Historic Lee Mansion estate listed for sale

DOWAGIAC — One of the city’s most famous properties has been listed for sale.

The historic Lee Mansion, 405 W. High St., was listed for sale last week through Cressy & Everett Real Estate. The listed price for the property is $799,900.

The estate is being sold by Jorgensen Properties, which owns the Lee Mansion and approximately 16 rental homes in Dowagiac. Svend Jorgensen died in April 2020 at the age of 94.

Also known as “The Rockery” or “The Stone Mansion,” the 2.8-acre property was originally built by Fred and Kate Lee in 1895 and includes both the Lee Mansion and Carriage House. The mansion has since been converted into six apartment units and the Carriage House has five apartments.
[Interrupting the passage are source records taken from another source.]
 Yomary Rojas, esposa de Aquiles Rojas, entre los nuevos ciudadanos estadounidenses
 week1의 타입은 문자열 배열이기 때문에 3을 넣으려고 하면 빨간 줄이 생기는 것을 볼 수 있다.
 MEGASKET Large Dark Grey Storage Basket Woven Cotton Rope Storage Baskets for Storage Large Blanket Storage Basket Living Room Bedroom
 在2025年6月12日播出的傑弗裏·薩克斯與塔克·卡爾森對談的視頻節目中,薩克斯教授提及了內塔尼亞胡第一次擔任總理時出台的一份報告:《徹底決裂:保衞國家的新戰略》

The mansion was built with locally harvested uncut fieldstone with tons of oak, maple, mahogan, and butternut hardwoods in the floors, walls, and ceilings along with inlaid hardwood floors and parquet. It also features five stone chimneys and eight fireplaces, including Italian marble, onyx and hand-painted tiles.

“They spared no expense in constructing it and outfitting it,” said Dowagiac Area History Museum Director Steve Arneseau.
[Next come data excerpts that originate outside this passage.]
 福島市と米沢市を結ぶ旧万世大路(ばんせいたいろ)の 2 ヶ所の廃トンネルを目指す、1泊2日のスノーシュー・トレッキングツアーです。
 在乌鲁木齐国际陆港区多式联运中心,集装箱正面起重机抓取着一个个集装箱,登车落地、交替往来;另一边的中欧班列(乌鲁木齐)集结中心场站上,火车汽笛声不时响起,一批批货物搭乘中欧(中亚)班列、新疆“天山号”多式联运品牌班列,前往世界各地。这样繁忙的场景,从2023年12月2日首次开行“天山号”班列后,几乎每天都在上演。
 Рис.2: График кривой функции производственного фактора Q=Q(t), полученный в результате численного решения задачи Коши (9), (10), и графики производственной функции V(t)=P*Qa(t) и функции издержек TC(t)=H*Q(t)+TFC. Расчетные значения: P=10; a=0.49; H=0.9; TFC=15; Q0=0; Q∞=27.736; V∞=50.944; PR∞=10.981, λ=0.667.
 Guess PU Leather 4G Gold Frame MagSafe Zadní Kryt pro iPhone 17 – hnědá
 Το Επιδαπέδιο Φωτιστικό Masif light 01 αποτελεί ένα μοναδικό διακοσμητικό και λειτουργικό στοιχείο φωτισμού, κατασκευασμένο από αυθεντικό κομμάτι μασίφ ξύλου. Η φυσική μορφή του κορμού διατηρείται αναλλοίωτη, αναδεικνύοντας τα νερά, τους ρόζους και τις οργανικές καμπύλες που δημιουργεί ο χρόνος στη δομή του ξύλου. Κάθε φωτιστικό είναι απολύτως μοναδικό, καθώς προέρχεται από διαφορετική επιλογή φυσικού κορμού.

If the mansion were to be turned back into a single-family home, it could possibly be a 10-bedroom, seven-bath home along with a third-floor ballroom, according to its real estate page on the Realtor website.

Arseneau said the estate was built to serve as the home for the Lees, the heirs of two of Dowagiac’s most influential families: the Lees and the Beckwiths.

Fred’s father, Chauncey Lee, was a lawyer and banker who moved to Dowagiac in 1857 after closing a general store he owned in Edwardsburg. Born in 1858, Fred Lee married Kate Beckwith — the daughter and heir of P.D. Beckwith, the founder of the Round Oak Stove Company and arguably the Dowagiac’s most influential figure — in 1878.

Fred and Kate decided to build a mansion in the early 1890s, a few years after the birth of their daughter, Mary, and they used Chicago firms for both the architecture and the interior designs.

There was also some controversy at the time of construction. While the president of Round Oak was building a lavish estate, the national economy was suffering due to the Panic of 1893 and Round Oak asked its workers to take a pay cut. Strikes ensued with some violence in the city, including a fire set at the stove works.

“While I have not seen quotes from strikers discussing the Rockery, there was almost certainly some resentment among the workers that they were asked to take a pay cut while Lee was building a mansion,” Arneseau said.

The mansion was finally built in 1895, but the family was not able to enjoy it for very long.

Five years after moving in, Kate died from illness in 1900, at the age of 42. According to Arneseau, her funeral was said to be the largest in city history to that point.

Two years later, Fred remarried to Mary Gray, the woman he had been having an affair with while Kate was still battling illness.

Fred and Mary Gray later moved to a home on Main Street, which had been built years earlier for Fred and Kate’s daughter, Mary Beckwith Lee, to live in with her husband — a home they occupied, as Mary Lee died shortly after giving birth in 1910.

The mansion has passed several different owners over the years but has remained a fixture in the community for well over a century and is a reminder of the city’s prominent past.

“It’s a connection to the vibrant industrial history of the town,” Arneseau said. “It was made with the money of the company that put Dowagiac on the map. It is a connection to the industrial heyday of Dowagiac.”